Given that a well-defined thermocline has typically developed on most large bodies of water by mid-summer, this fish behavior shouldn’t come as a surprise. Still, many fishermen never consider that the water below the break is cold, holds little oxygen and is no place a walleye wants to be.
“Most guys will catch a few active fish on a deep point or sunken island, but immediately think they have to move down to the breakline when the action dies,” he says. “Instead, watch your electronics and move to the front end of the structure and out a good distance. More often than not, you’ll find pods of fish that move in and out from the structure to feed, and then rest at the same depth, suspended just above the thermocline.”
How he does it
Meleen starts his “inside-out” approach by moving the boat slowly over the windward side of the structure, dropping jig and live-bait combos to pick up aggressively-feeding walleyes.
When the action slows, he moves farther out, increasing boat speed to 1.0-1.5 mph and switching to a crawler harness or crankbait.
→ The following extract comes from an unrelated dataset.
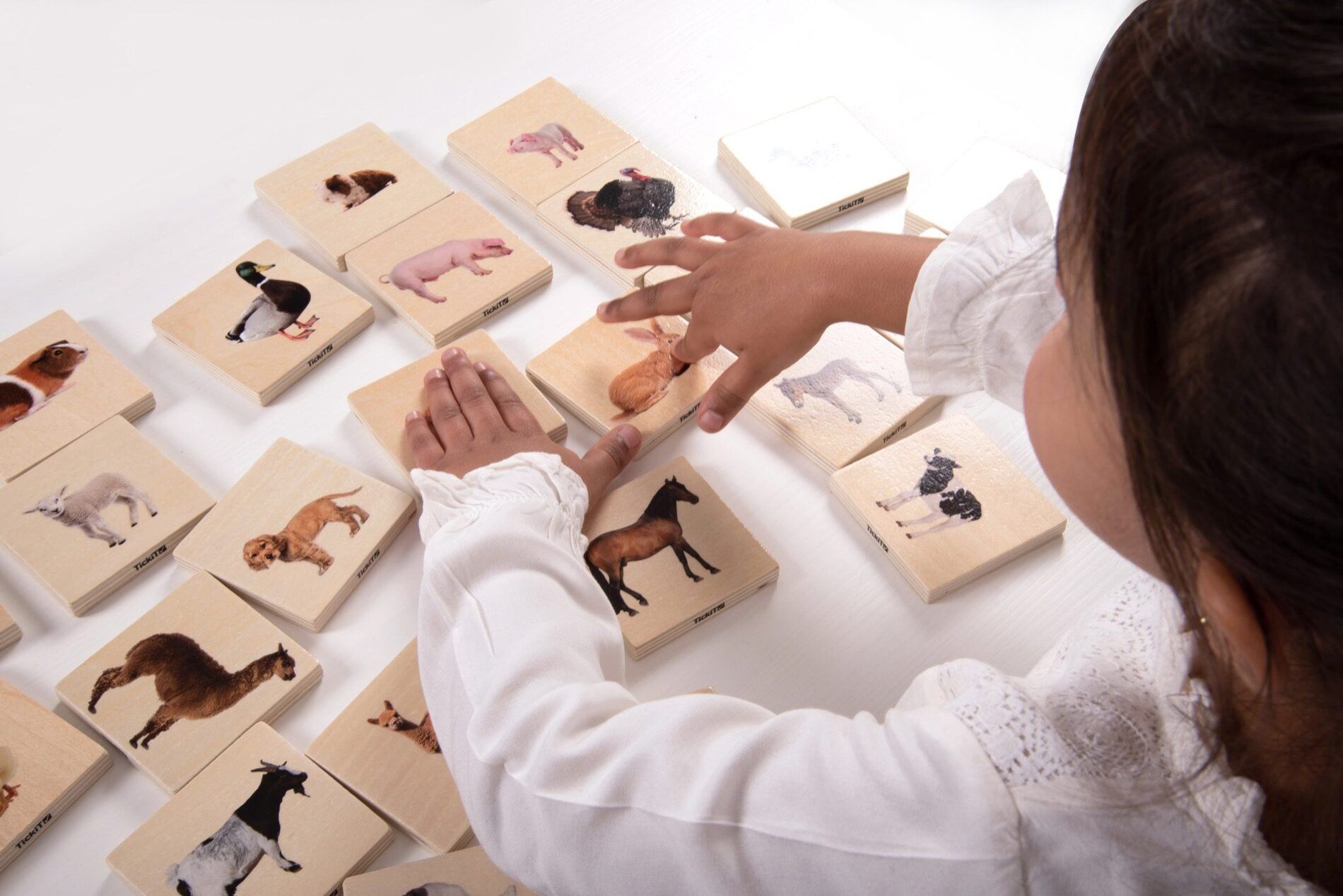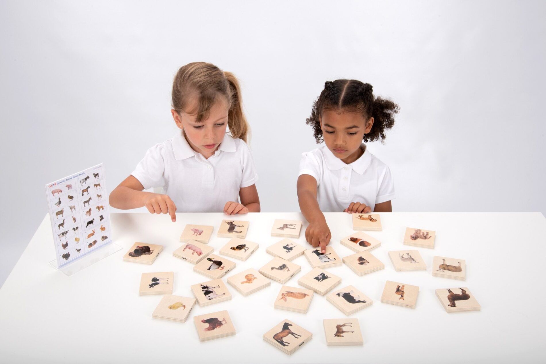 Met deze set van 14 paar gladde en tactiele vierkante tegels van berkenhoutfineer kunnen kinderen op een speelse manier de fascinerende dierenwereld verkennen. Elke tegel is aan één zijde bedrukt met gedetailleerde foto's van volwassen dieren en hun jongen. De stevige tegels zijn gemakkelijk vast te pakken, te draaien en om te draaien voor kleine handjes.
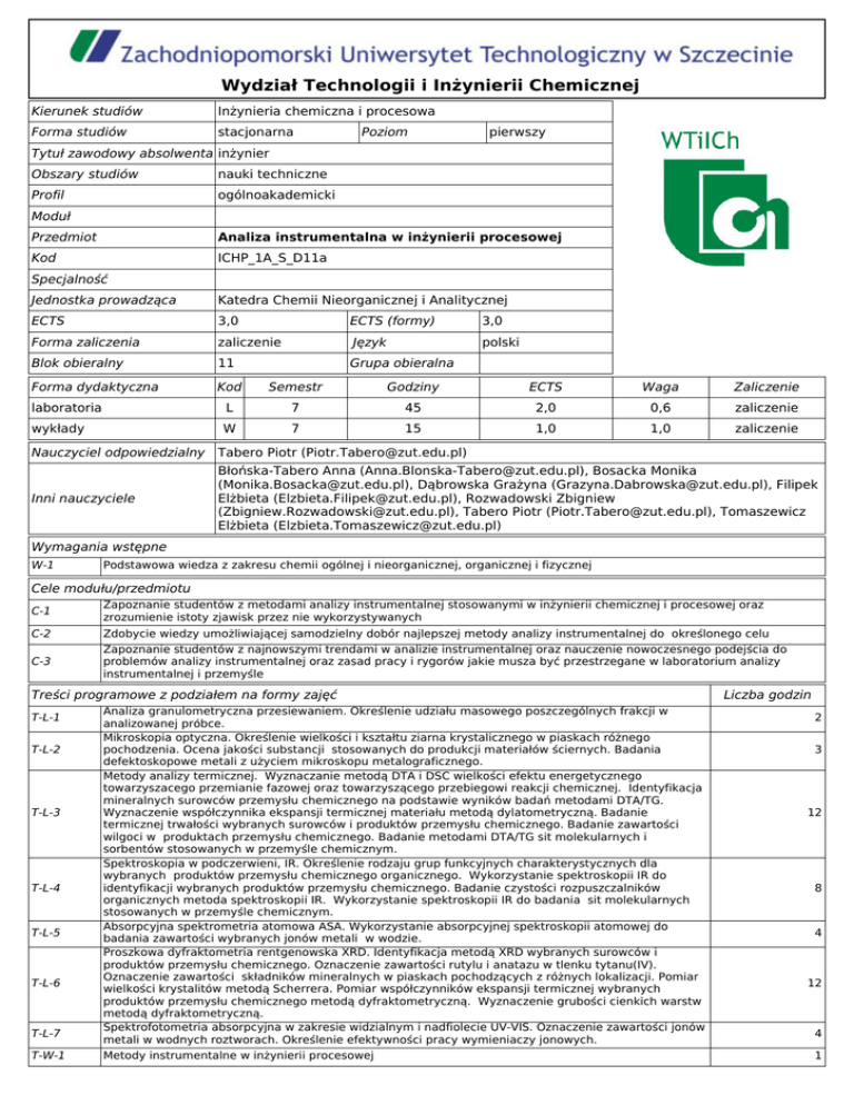 Wszystkie sylabusy do pobrania - Wydział Technologii i Inżynierii

He still fishes his baits at the depth walleyes were pinpointed at on the structure, over water as deep as 30′, 40′, even 100’.
To determine his presentation, Meleen looks at many things, including water temperature, where the forage base is in the water column, wind and sun explosure.
“I spend a lot of time pulling cranks. I’m a big Husky Jerk fan — glass and balsa Shad Raps too. At times I’ll use lead-core and floaters with rattles. I like Rapala products because if you’re fighting the elements and have two or three people in the boat, there’s no time to tune everybody’s crankbaits to run true. These baits are good to go right out of the box,” says Meleen.
“Today’s tournament approach has everybody focusing on the little humps that have one, two, three good fish on them. But the bigger pieces of structure may have several fish-holding spots: a little drop, sand and weed transitions, cups, etc. Then, where the structure drops off you can intercept both the walleyes that are leaving and the ones that are arriving to feed.
“You might have dozens of fish traveling in an out off the structure. Fish are on their own schedule. Working laterally out from the structure at the same depth gives you some additional opportunities.”